Forcepoint 2020 cybersecurity predictions – Threats to stem from Deepfakes 5G and Public Cloud Adoption
Global cybersecurity leader, Forcepoint has unveiled its predictions about the cybersecurity landscape for 2020. These predictions span across topics such as attacker techniques, communication platforms, infrastructure adoption, data protection legislation and cybersecurity strategies.

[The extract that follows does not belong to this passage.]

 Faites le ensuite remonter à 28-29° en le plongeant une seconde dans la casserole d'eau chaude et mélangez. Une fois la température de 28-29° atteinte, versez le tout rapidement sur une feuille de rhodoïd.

- Deepfakes-As-A-Service increases ransomware effectiveness and election interference
With the growing complexity and realism being brought in to Deepfakes, it is predicted that the media will move to the forefront in 2020 as it becomes widely adopted for both fun and malicious reasons. It is anticipated that deepfakes will be deployed to impersonate high-level targets at enterprises in order to scam employees to transfer money into fraudulent accounts. Additionally, we will observe Ransomware authors target recipients with realistic videos of themselves in compromising situations, using Deepfake technology. In the arena of politics, we expect deepfakes to be leveraged as a tool to discredit candidates and push inaccurate political messages to voters via social media.
- 5G offers unprecedented data theft speeds
Fifth generation cellular network technology (5G) allows data transfer at a 10 times faster rate than 4G. While this appears to be a promising service for organisations, the more reliable connectivity and lower latency of 5G will also work in favour of determined employees wishing to transfer swathes of corporate data. With the roll-out of 5G continuing in 2020, cybersecurity stack needs to have visibility and control of such data movement else organizations risk being unable to identify data theft at the speed necessary.

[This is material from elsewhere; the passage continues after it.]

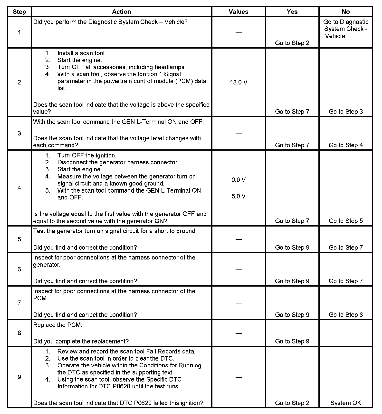 - The generator turn on signal circuit voltage is low while the PCM is commanding the generator on.

- Organizations will become “Cloud Smart” but remain “Cloud Dumb”
As organisations increase their adoption of cloud infrastructure, we should expect to see greater and greater breaches of Public Cloud systems. Even as enterprises move to a Cloud Smart or even Cloud First agenda to streamline their digital transformation journey, when it comes to securing these cloud infrastructures, they continue to remain “Cloud Dumb” due to the prevalent misconception that cloud providers will also secure the infrastructure. Attackers will have a renewed focus on Public Cloud accessible systems and data in 2020 and beyond due to the richness of the prize and ease of accessing it. While cloud service vendors are responsible for protecting the infrastructure, the onus of protecting business critical data lies on the enterprise by monitoring access, managing configurations, and analysing risky user behaviours. We expect to see more breaches both from external and internal parties as Cloud applications become more ubiquitous.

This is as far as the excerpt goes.